When this website was designed, the dominant browser of the day allowed a straightforward styling of table columns, at least for text alignment. Whether this was already non-standard or whether the standard-compliant browsers of the day interpreted the standard such that they did not support this styling, I do not know. It is explicitly non-standard now, even though the standard provides no substitute that is anything but obviously inadequate. Yet it’s not unusual to see work-arounds passed off as good, clean CSS!
Until I work out whether the things that can be done about this are worth the effort, I have taken the view that missing right-alignment where it might be desired is not nearly as bad as picking it up where it’s definitely not wanted, and I have therefore removed all table styling. It’s only slowly getting put back, depending on what’s needed for whichever pages I get round to editing for technical content.
That the scripts generate the frame-like presentation dynamically has an unwelcome side-effect. When you return to a page via Forward or Back navigation, your TOC expansion and scrolling is not recovered. Neither is your scrolling of the document pane. I suspect this just has to be lived with. Sorry. I myself tend to browse successive pages by opening each in a new tab.
On the plus side, I have improved the support for moving around the site by opening pages in new tabs. I am surprised that I neglected—for a decade!—to arrange that following a link from a context menu preserves the TOC state.
The problem with moving forward and back is worse when bookmards are involved. In Internet Explorer, going backwards through the History when a URL along the way has a bookmark can insert a spurious page into the History. Since only very few pages here use bookmarks, I don’t plan to give this problem much priority. Years ago, I imagined I would some day sort it out easily enough with Internet Explorer’s facility for script debugging. How those years have passed in practice is that I have barely ever given the problem a thought.
Though I do still try to support browsing with Internet Explorer 7—this was the browser that shipped with Windows Vista and statistics at the web server show more hits from computers running Windows Vista, specifically, than all versions of Google Android taken together—there is only so much I can do.

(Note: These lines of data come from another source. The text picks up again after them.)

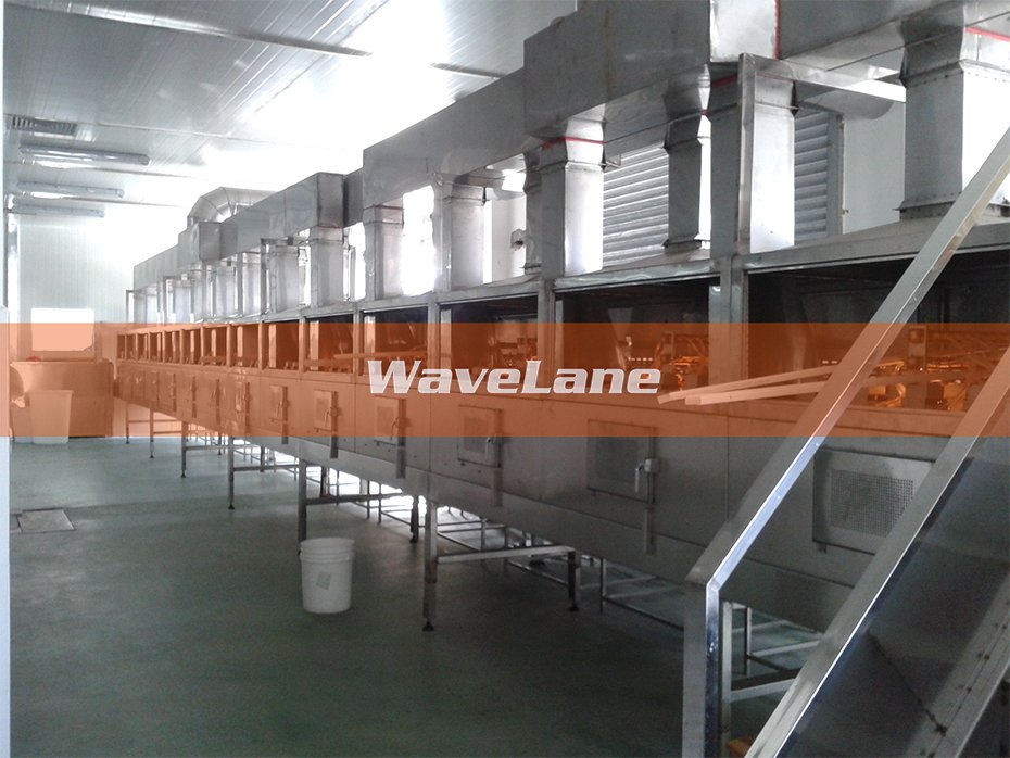 设备特点:1、该设备主要作用于花生、瓜子、豆类、坚果类的烘干与膨化,烘干与膨化可连续作业,也可分开作业;2、设备总功率220kW,可24小时连续开机,干燥作业每小时提水大于220kg,膨化作业日产量达30吨;3、微波烘干与膨化的特点是作用迅速,色泽保持良好,与炒货的区别更在于微波产品不易上火,营养保持良好;4、微波干燥兼顾灭菌,微波灭菌既有热效应,又有生物效应,能够抑制微生物新陈代谢达到生物效应的灭菌作用,效果良好。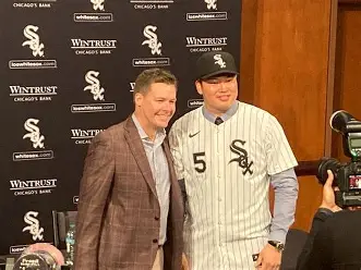 会見場に満ちる英語のざわめき。ガラスの外では、冬を運ぶシカゴの風が道を削る音がしていました。村上宗隆選手は胸のロゴを静かになぞります。ホワイトとブラックが交わるその紋章は、ただの色ではありません。過去と未来、誇りと未知、正解と問い——彼がこれから歩く道の光と影です。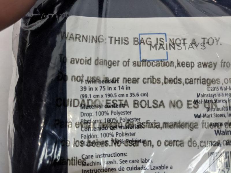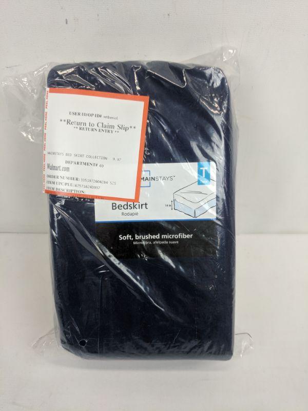 Mainstays Twin Size Bedskirt, Navy, Brushed Microfiber - New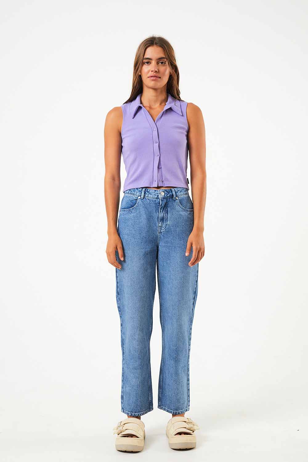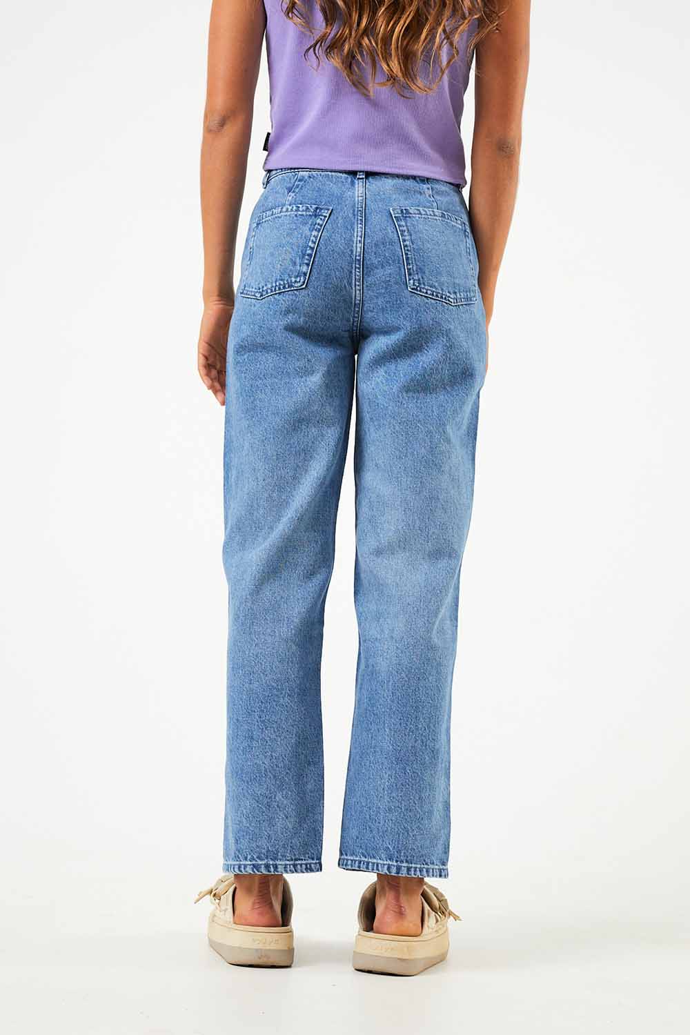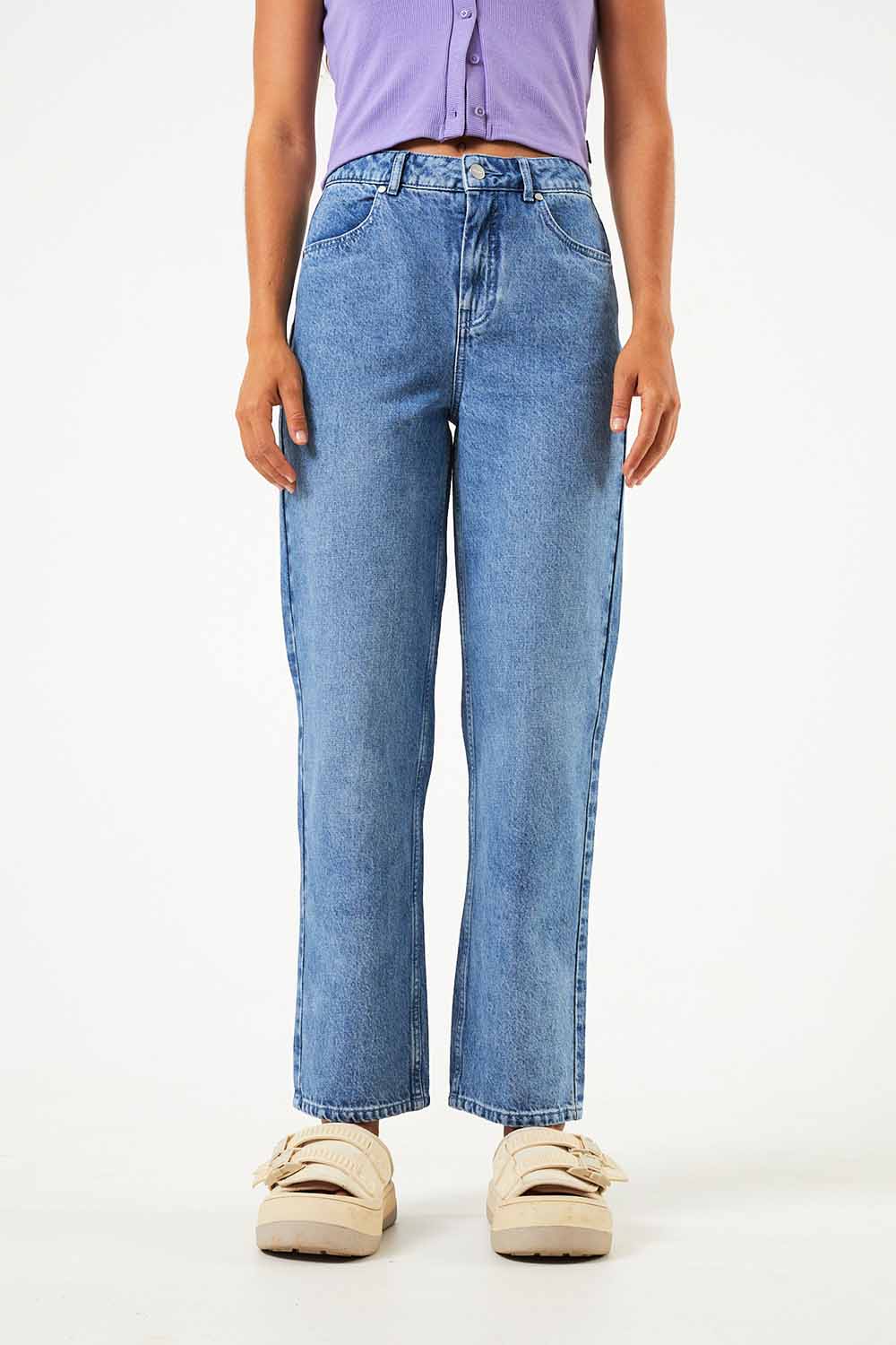 Die Jeans Shelby von Afends ist high-waist geschnitten und hat ein gerades, schmales Bein. Die Hose hat ganz klassisch zwei Gesäß- und zwei Seitentaschen und wird mit Knopf und Reißverschluss geschlossen. Sie besteht aus 80% Baumwolle (bio) und 20% Hanf.

As noted above, the site now needs that the browser supports fixed position (in contrast, for instance to, absolute and static). Internet Explorer 7 does support fixed position but only selectively. Pages that are still written for quirks mode show as if scripts haven’t run. There is nothing to be done about this except to edit all the pages and re-upload them. I have no plan.
Even for pages that do get fixed position from Internet Explorer 7, there are other problems. For instance, the root DIV in the TOC has no height or width when the TOC is newly loaded, but because it has the scrollbars, the TOC’s scrolling from before the navigation cannot be restored. The page that shows in the document panel is highlighted in the TOC but might not be scrolled into visibility. Since the scrollbars are on the DIV only to work around the scrollTop property breaks with body height 100% overflow auto problem in newer, supposedly superior browsers, there surely is something I can do about avoiding this side-effect for Internet Explorer 7. But it’s also just inevitable that my enthusiasm for making special cases for this old browser is fading.